Cirrhosis of the liver
Due to a wide variety of liver-damaging causes, over time the liver undergoes a scarring transformation, which in the advanced stages is called liver cirrhosis. This transformation causes the liver to become hard, making it difficult for blood to flow through the liver. This leads to various complications such as abdominal dropsy (called ascites), bleeding from the oesophagus (oesophageal varices) or an enlarged spleen (splenomegaly). In addition, the altered liver tissue has a greater tendency to develop liver cancer (hepatocellular carcinoma, HCC). To detect such changes early, patients should have 6-monthly ultrasound scans and also a gastroscopy to assess the risk of oesophageal bleeding.

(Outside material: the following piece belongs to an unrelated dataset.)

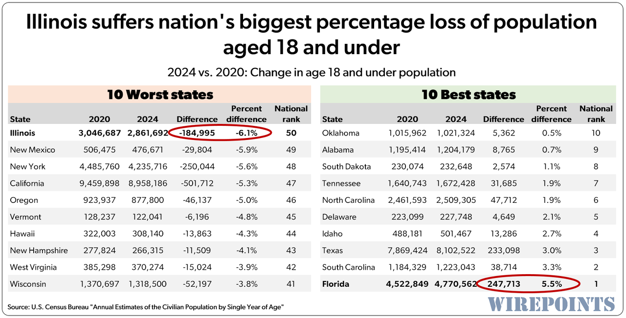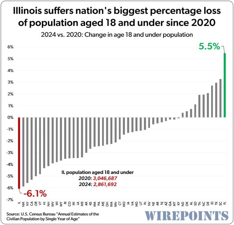Nation’s worst drop in number of residents age 18 and under. Illinois had 184,000 fewer residents aged 18 and under in 2024 vs 2020. That’s a 6% drop, the biggest percentage loss in the country.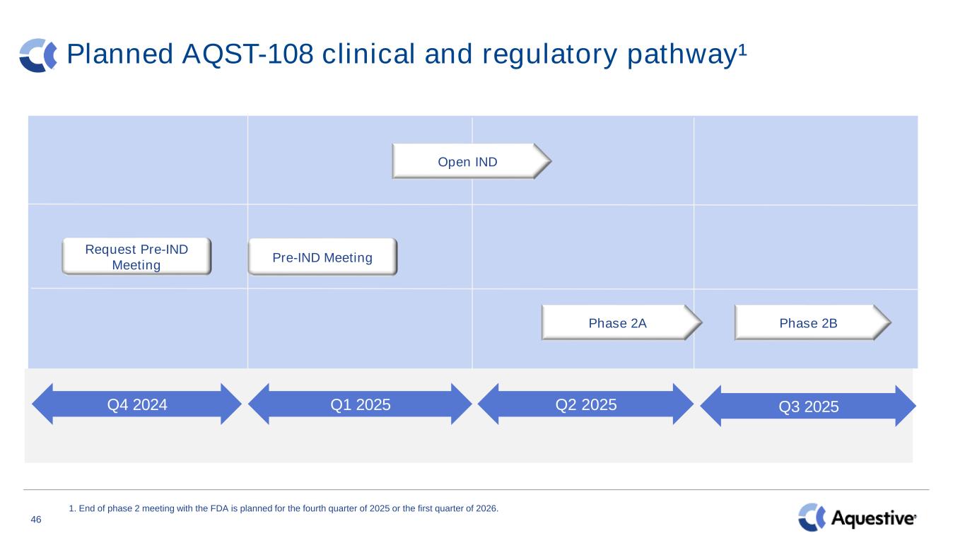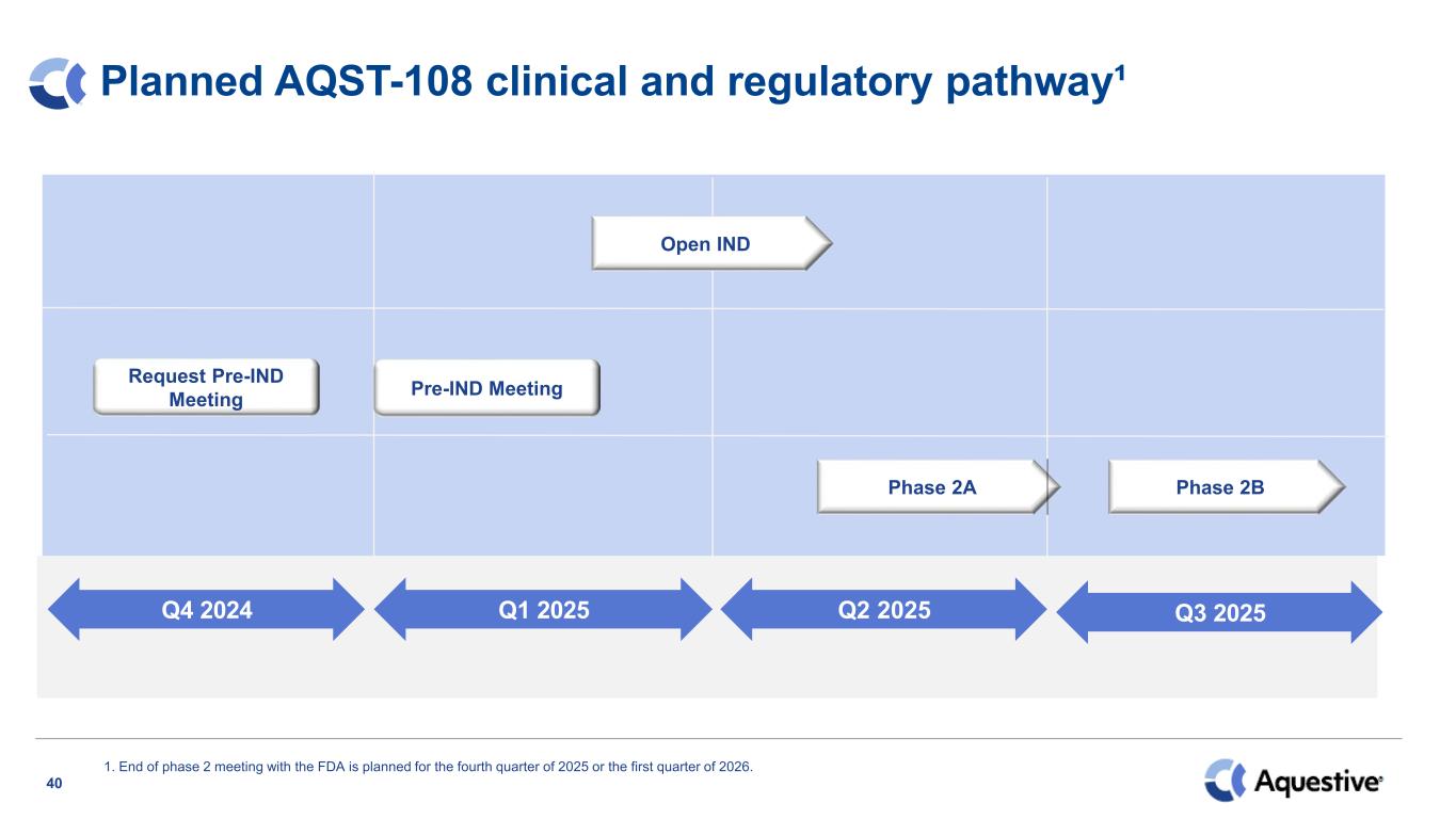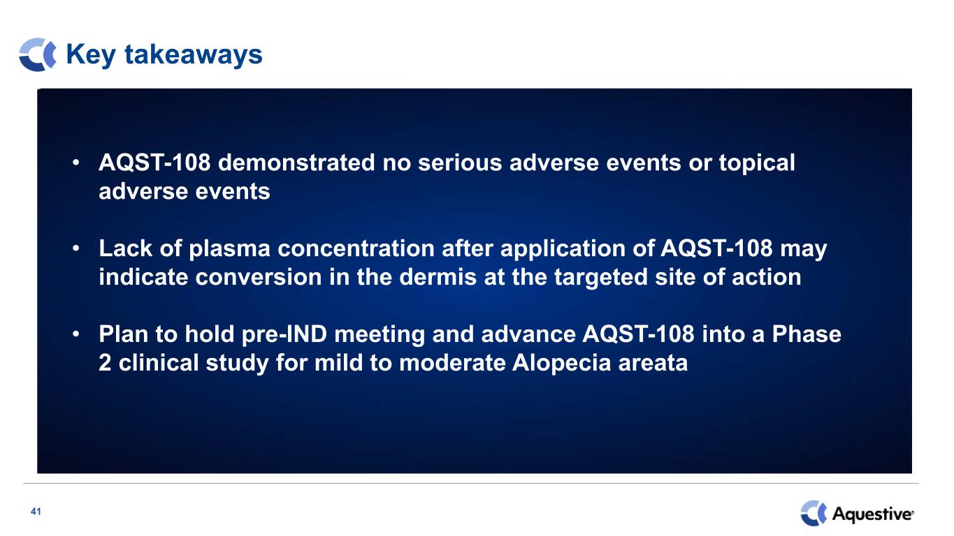 Planned AQST-108 clinical and regulatory pathway¹ 40 Q4 2024 Q1 2025 Q2 2025 Q3 2025 Open IND Pre-IND Meeting Phase 2A Phase 2B 1. End of phase 2 meeting with the FDA is planned for the fourth quarter of 2025 or the first quarter of 2026. Request Pre-IND Meeting

Liver cancer (hepatocellular carcinoma (HCC)) is a tumour that originates directly from the liver cells. Liver cancer must be clearly distinguished from the more frequent liver metastases in the context of other tumour diseases. The most important risk factor for HCC development is the presence of liver cirrhosis, the most common causes of which are chronic viral hepatitis B or C, chronic alcohol overconsumption and non-alcoholic fatty liver disease. Rarer causes are autoimmune hepatitis and hereditary liver diseases. All patients with liver cirrhosis should therefore receive HCC screening by means of liver ultrasound and determination of the tumour marker AFP in the blood every 6 months. If HCC is detected at an early stage, a cure can be sought by surgery or liver transplantation or local sclerotherapy (radiofrequency ablation). Often, however, patients cannot be treated with the aim of a cure due to an advanced stage or because the liver function is limited. For these patients, methods such as transarterial chemoembolisation (TACE) and treatment with drugs are possible with the aim of slowing down tumour growth.
Gallstones form when bile thickens and clumps together. In most cases, the gallstones settle in the gallbladder, where they never cause any symptoms in 75% of cases. In 25 % of patients, however, they cause symptoms such as pain in the right upper abdomen, sometimes severe colic, nausea and vomiting. If a gallstone obstructs the bile duct, jaundice, fever and possibly pancreatitis may occur. The best and a very simple way to detect gallstones is by ultrasound. Sometimes
magnetic resonance imaging (MRI-MRCP) or endosonography is also necessary. If there are gallstones in the gallbladder without symptoms, no therapy is necessary. Acute gallbladder inflammation is usually treated surgically by removing the gallbladder. If the bile ducts are blocked by gallstones, an endoscopy of the bile ducts (ERCP) must be performed, and the stones can usually be removed. Even if the gallstones have been removed from the bile ducts, the gallbladder should be surgically removed soon afterwards.